I pulled another Mt. Kisco: blew myself up on the very first control. While I told myself on the way to the park to concentrate on keeping contact with the map, I let myself be distracted by Walk's "twist": go as straight as possible between controls. Now good map contact and good azimuth maintenance are not mutually exclusive, in my small brain they apparently are. I devoted too many grey cells (Poirot) to managing the compass and not enough to reading the map. I think I was also too excited when starting out at the prospect of getting to O again, having had to miss so many opportunities this season for health and family care issues. Before I knew it I was sighting the road way beyond the first control - comprehension of time and distance was nil, and I knew I had "done it again d--- it".
OK, let it go. Beautiful woods and lots yet to see on a great weather day. Decided to subordinate (but not abandon) the "twist" to staying with the map. Much better. And with the open woods, the subordinated compass still got a lot of attention.

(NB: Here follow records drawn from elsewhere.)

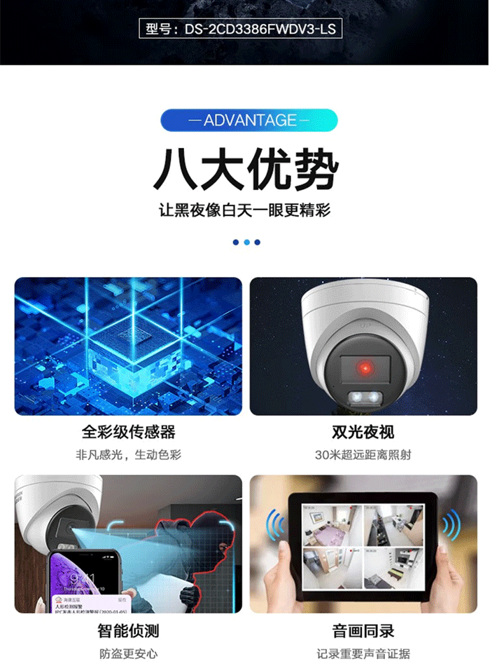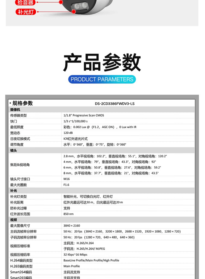 海康威视 DS-2CD3386FWDV3-LS(4mm)(国内标配) 800万智能警戒海螺型网络摄像机
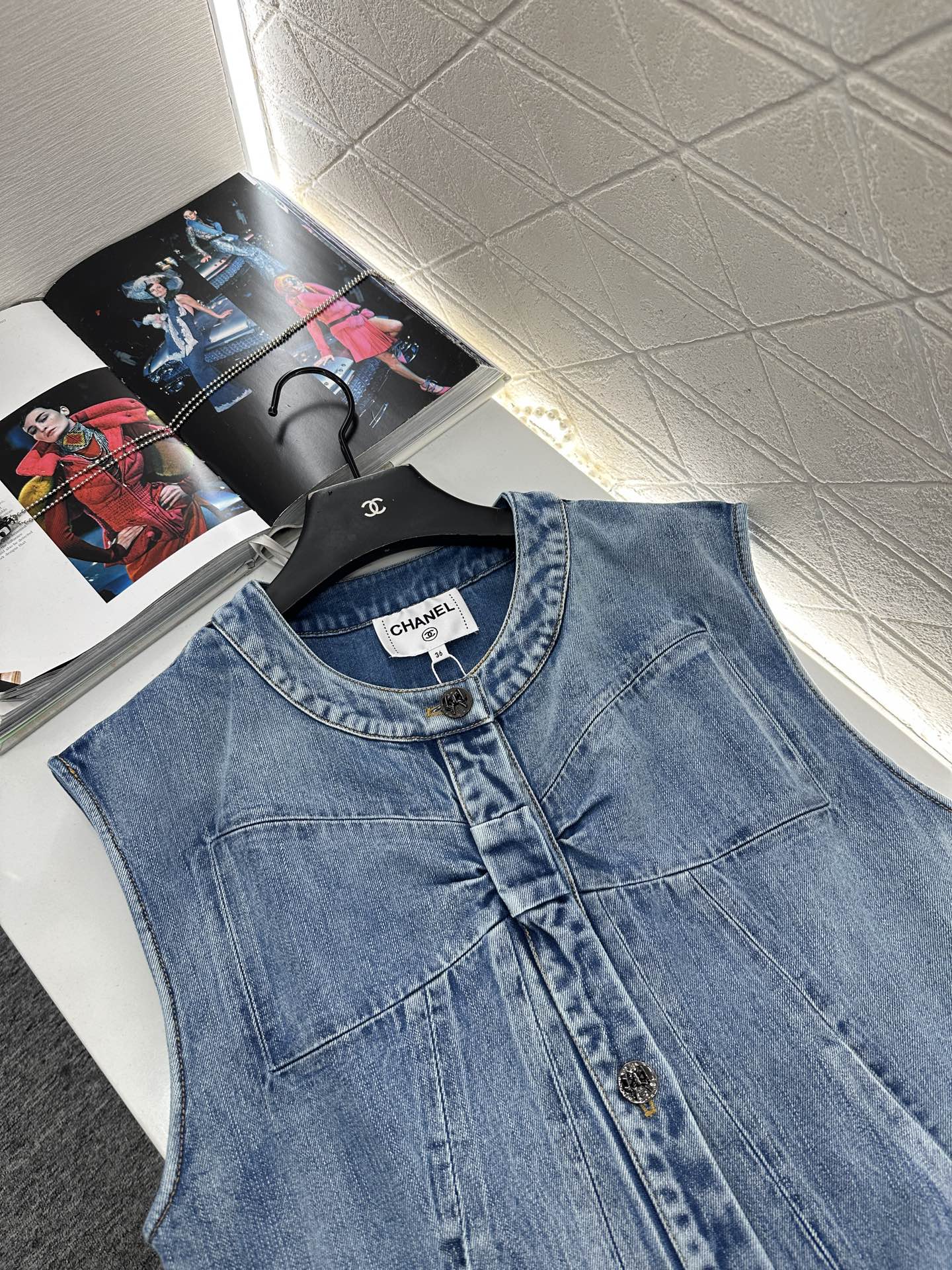 Chanel Denim Vest 2025 New Arrival: Chic Button-Down Vest with Bow Detail
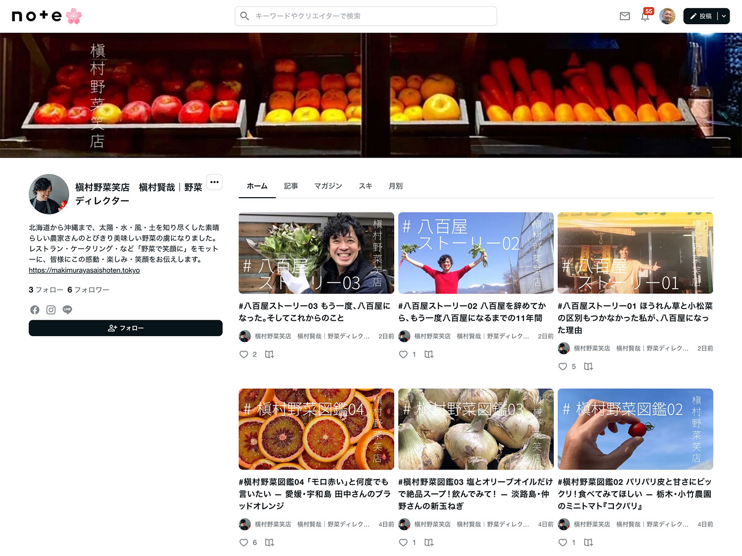 noteにて、槇村野菜笑店のコンテンツがスタートしました。
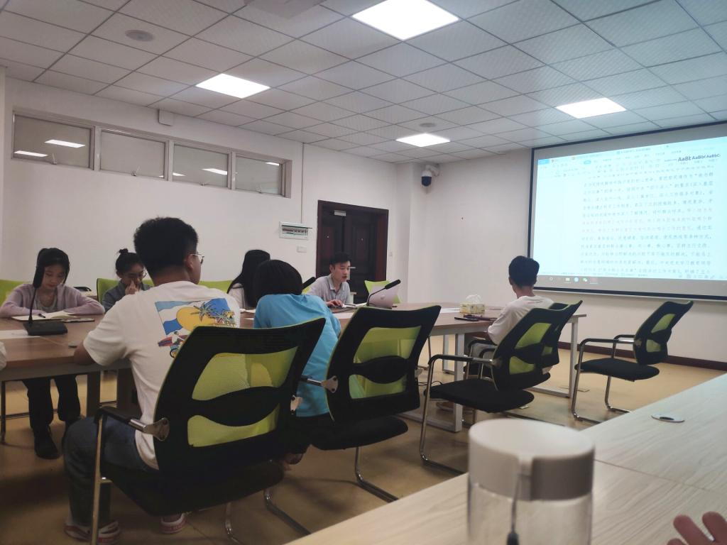 5月26日晚,在理科楼A212,由数统学院本科生统计党支部书记崔培东为支部全体党员上“学史崇德”主题党课。
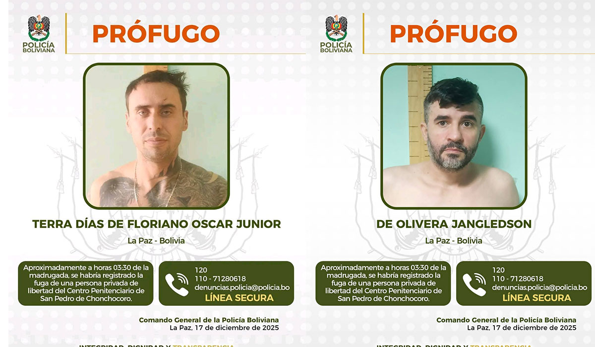 Un oficial de la Policía Boliviana ha sido aprehendido tras la fuga de dos reclusos de nacionalidad brasileña del recinto penitenciario de máxima seguridad de Chonchocoro. El uniformado, cuya identidad no ha sido revelada, se encontraba bajo custodia de la torre de vigilancia en el sector desde donde los internos lograron evadir el perímetro.
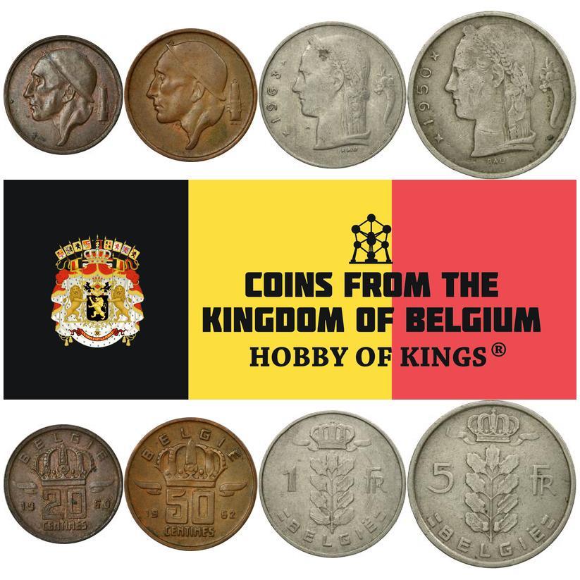 4 coin set made in these countries: Belgium (Kingdom of Belgium), Königreich Belgien.

I'll skip the details, but I must comment that there were a lot of spoilers standing around the controls today. And I will confess that I read a grey area (bare rock) as green lying in proximity to #8, which threw me too far north as I spotted a laurel patch to my right as I thought, aha! that's the green patch. My only big bobble since #1.
Felt pretty strong coming in to the finish and before noon. So downed a banana and a bottle of water and picked up the Brown map and headed back out to redeem myself. See the next session.
My route:
green.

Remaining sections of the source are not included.